Apple profits are over 40%. Isn't a new drug that saves lives worth something vaguely resembling the rewards for a new iPad?
Exactly. It would be so nice to “systems restore” back to 1965 BTK.
(Before Ted Kennedy)
We all know that “unnecessary” Procedures in the Hospital magically become “necessary” Procedures in the Courtroom.
What a bunch of Obama butt kissing idiots.
Drugs are much cheaper in other countries. Mexico is known for cheap drugs. How much cheaper are drugs there?
How about not paying for treatment of the common cold? If you’re going to be serious about cutting cost, then be serious.
Tort reform.
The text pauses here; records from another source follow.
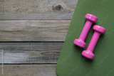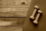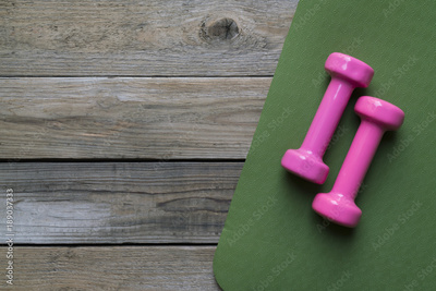dumbbell and yoga mat on table, fitness healthy and sport concept
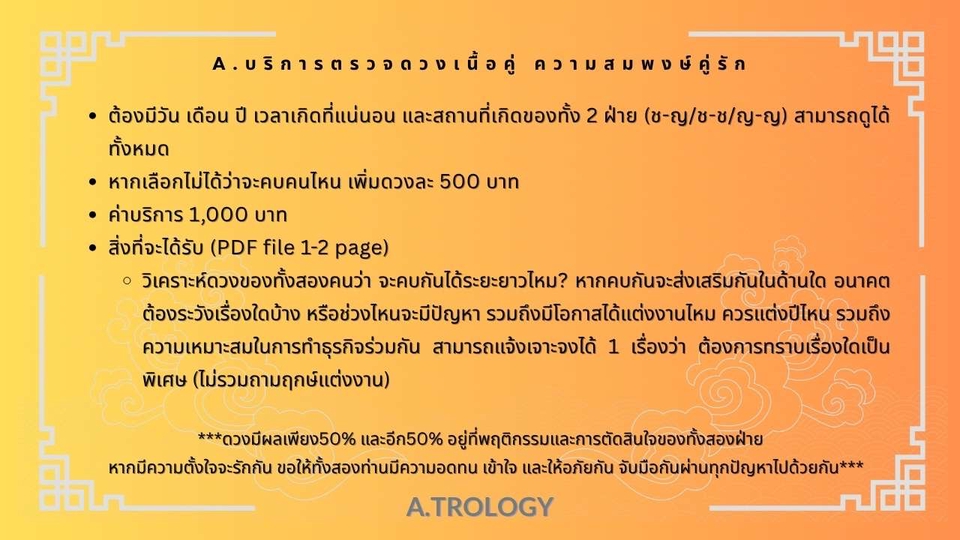 ฿1,000วิเคราะห์ดวงของทั้งสองคนว่า ระยะยาวหากคบกันจะส่งเสริมกันในด้านใด เรื่องควรระวัง ช่วงไหนมีปัญหาโอกาสได้แต่งงาน ความเหมาะสมในการทำธุรกิจร่วมกัน สามารถแจ้งได้ 1 เรื่องว่า ต้องการทราบเรื่องใดเป็นพิเศษ
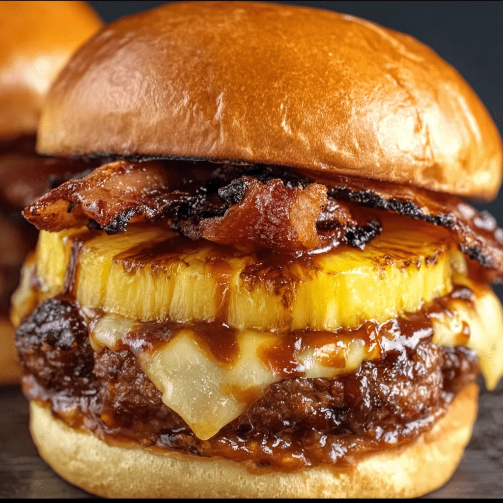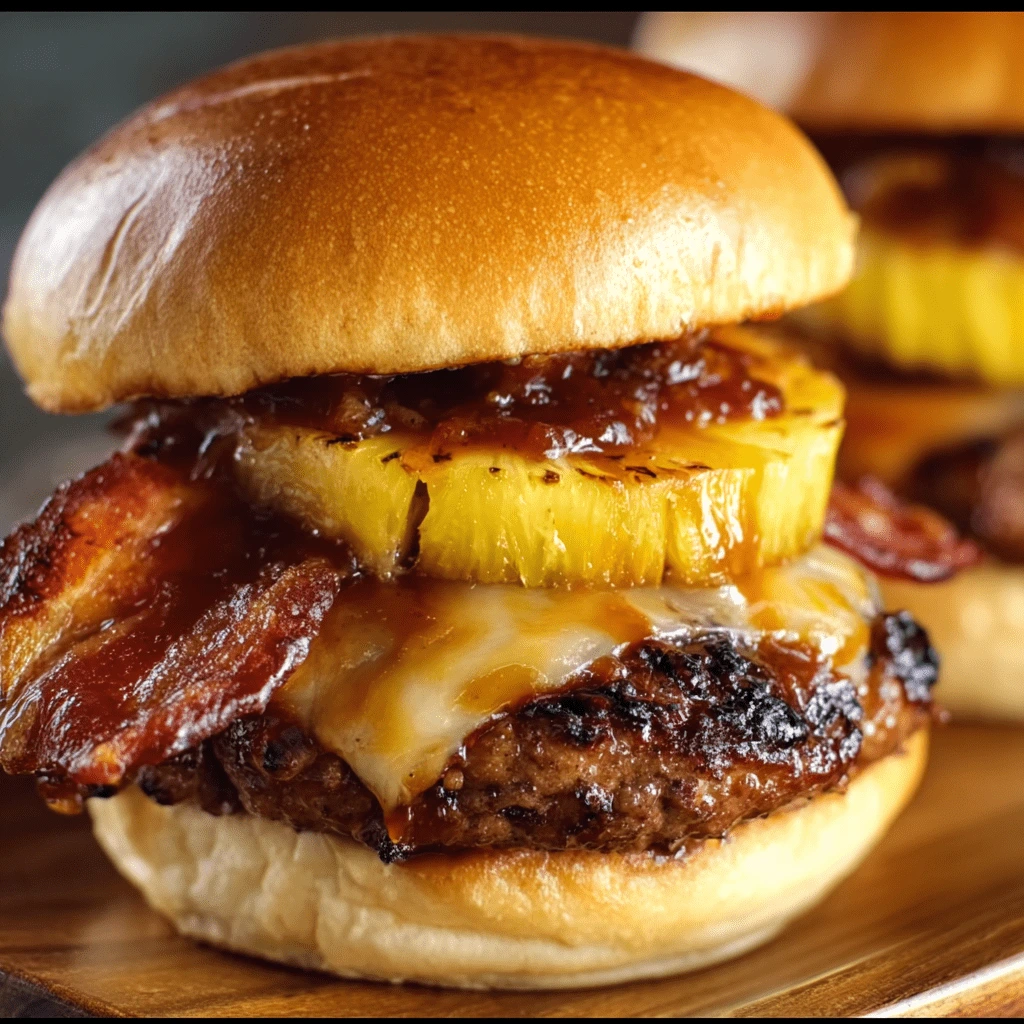 Top with a slice of crispy turkey bacon, a caramelized pineapple ring, and a drizzle of BBQ sauce.
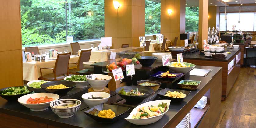 朝食は、四季折々の景色が美しいビュッフェダイニング渓泉で和洋ビュッフェスタイルをお楽しみいただきます。
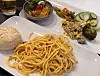 En ganske god carbonara og en omlett, visstnok med majones hos SchibstedFoto: Torill Henriksen
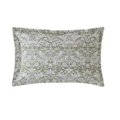 Adorn your bed with the iconic William Morris Strawberry Thief Oxford Pillowcase. Designed in 1883, this popular Arts and Crafts pattern is coloured in a rich olive green and warm cream palette on the face, with a fresh lighter green on the reverse. The 200 thread count cotton percale fabric brings the outside in, inspired by Morris’ garden at Kelmscott Manor. The pillowcase features a button fastening and coordinates beautifully with the corresponding bedding.
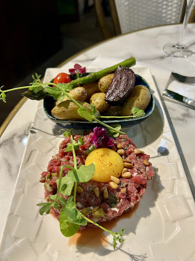 Read moreRéservation surprise, faite par Honey pour diner le 1 aout 2024. Notre 1ère fois et pas la dernière. Alors là, quelle surprise à notre arrivée, (les premiers, j'ai pu faire de jolies photos du cadre tranquillement). C'est l'Eden, l'endroit parfait pour un diner en amoureux, ce qui était notre cas, ou en famille ou entre amis ou même seul. Resto outside, avec piscine, arbres, fleurs et brumisateurs, qui apportent la touche cosy à cet endroit. Quant au personnel, nous avons particulièrement bien accroché avec le manager Grégory...l'ange de l'Eden. Aux petits soins de A à Z. Le seul petit bémol, car je vais faire mon enquinineuse, pas de pain apporté et oubli de revenir nous proposer le vin, qui l'a été avant de nous apporter le plat, mais zappé par la suite (pas très grave en soit, nous avons bu un cocktail avant et comme on le sait tous...consommer avec modération). Nous avons choisi la côte de bœuf, avec frites, légumes maison et salade, sur les conseils de Grégory...nous y avons fait honneur jusqu'au bout du bout, tout juste si nous n'avons pas rongé l'os. En dessert, j'ai choisi la soupe fraise menthe, servi avec sorbet au citron...très rafraichissant et mon époux a choisi le fondant chocolat servi avec chantilly maison et glace vanille maison (pas sure) mais délicieuse (bah oui j'ai goûté). Pour résumé, je conseille vivement. Nous savons que nous y retournerons un midi pour changer et profiter de la piscine par la suite. Voilà chers lecteurs, je vous laisse composer le numéro pour vite réserver...

The procedures are CYA for doctors to avoid lawsuits. Remove the lawsuit threat and docs will order what they need for a legitimate diagnosis. It would help to get the freeloaders off the doctor’s back as well. Mandating treatment for people who can’t or won’t pay for services makes it necessary to burden other patients to make up the losses. That is wrong. Socialism is always a failure...no matter what method is attempted to implement it.
Tests like ECG, CXR and head CT are usually unneeded. Just like driving a car without an airbag or seatbelt. The problem is that when you restrict your range of indications, you miss some important diagnoses. Well, at least if more people die earlier, medical costs will go down.
And yet tort reform is still off the table.